И вдруг, неожиданно для благочинного, он упал на колени и, рыдая, умоляюще протянул к нему руки. Благочинный всячески успокаивал его и утешал.
– Погодите, вот владыко кончит прием, мы ему доложим! Посидите здесь смирно, а я уже сам ему объясню. Будете сидеть смирно?
– Буду, отец благочинный! – твердо сказал отец Антоний и сел на стул с высокою спинкой. Он сидел так минут двадцать и ни о чем в это время не думал. Уже прием у архиерея кончился, и благочинный доложил ему что мог про отца Антония. Архиерей велел позвать его к себе.

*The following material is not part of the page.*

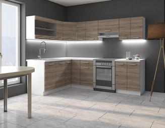 A konyhaszekrények halhatatlan mintája a fa dekor. A tölgy könnyű változatai, például a sonoma tölgy vagy a kézműves tölgy népszerűek, ezt követi a cseresznye vagy az éger. A színváltozatok közül a fehér időtlen árnyalatai, a bézs, a szürke különböző változatai, vagy az elegáns fekete fával kombinálva jöhet szóba. A matt felületek jobban ellenállnak a karcolásoknak és az ujjlenyomatoknak, viszont a fényes előlapok visszaverik a fényt és ragyogóvá teszik a helyiséget.

Когда отец Антоний шел обратно в приемную, он чувствовал, что в груди его как бы остыло что-то, еще недавно сжигавшее его пламенем. Ноги его как-то деревянно шагали, руки висели беспомощно, голова была пуста, и никаких слов не находил он, чтобы сказать архиерею.
«Перегорело, – думал он, – все горе во мне перегорело!»
И теперь он боялся архиерея, как всегда, как боялись его и те десять душ, что стояли раньше в приемной.
В приемной были только архиерей, благочинный и келейник. Отец Антоний стоял перед лицом владыки и дрожал.
– А что, – сказал, архиерей, – ежели жена твоя умерла и ты уже вдовец?
– На все воля Божия, – покорно ответил отец Антоний.
– Так-то так, но ты просишь священства, а священство, как сам знаешь, вдовцам до сорокалетнего возраста не дается…
– Знаю, ваше преосвященство!
– Так как же с этим быть? Ведь отвечать перед Богом придется!
– Ваше преосвященство! Ответим! Шестеро детишек!.. Они вымолят!..
Архиерей задумался и несколько раз прошелся по комнате взад и вперед.
– А может, жена твоя еще и проживет!.. – говорил он, как бы рассуждая вслух. – Действительно, жаль мне тебя, жаль… Ты достоин. И шестеро, говоришь, шестеро? Все маленькие, а? каша? а? Гм… И как это вы торопитесь детей плодить… Ну, диакон, – промолвил он, остановившись, – уж ради шестерых-то твоих примем грех! Готовься на завтра.
– Ваше преосвященство! – вырвалось из груди отца Антония; он хотел было протянуть руки, но в этот момент у него закружилась голова и силы его оставили. Благочинный и келейник едва успели поддержать его.
– Ишь какой бедненький, – сочувственно сказал архиерей и покачал головой. – Надо его ободрить. Насчет жены-то его… Что ж, может, Бог и продлит ее дни, а не то… Ну что ж… на все Его воля! – прибавил он, обратившись к благочинному и келейнику, и ушел к себе в кабинет очень расстроенный.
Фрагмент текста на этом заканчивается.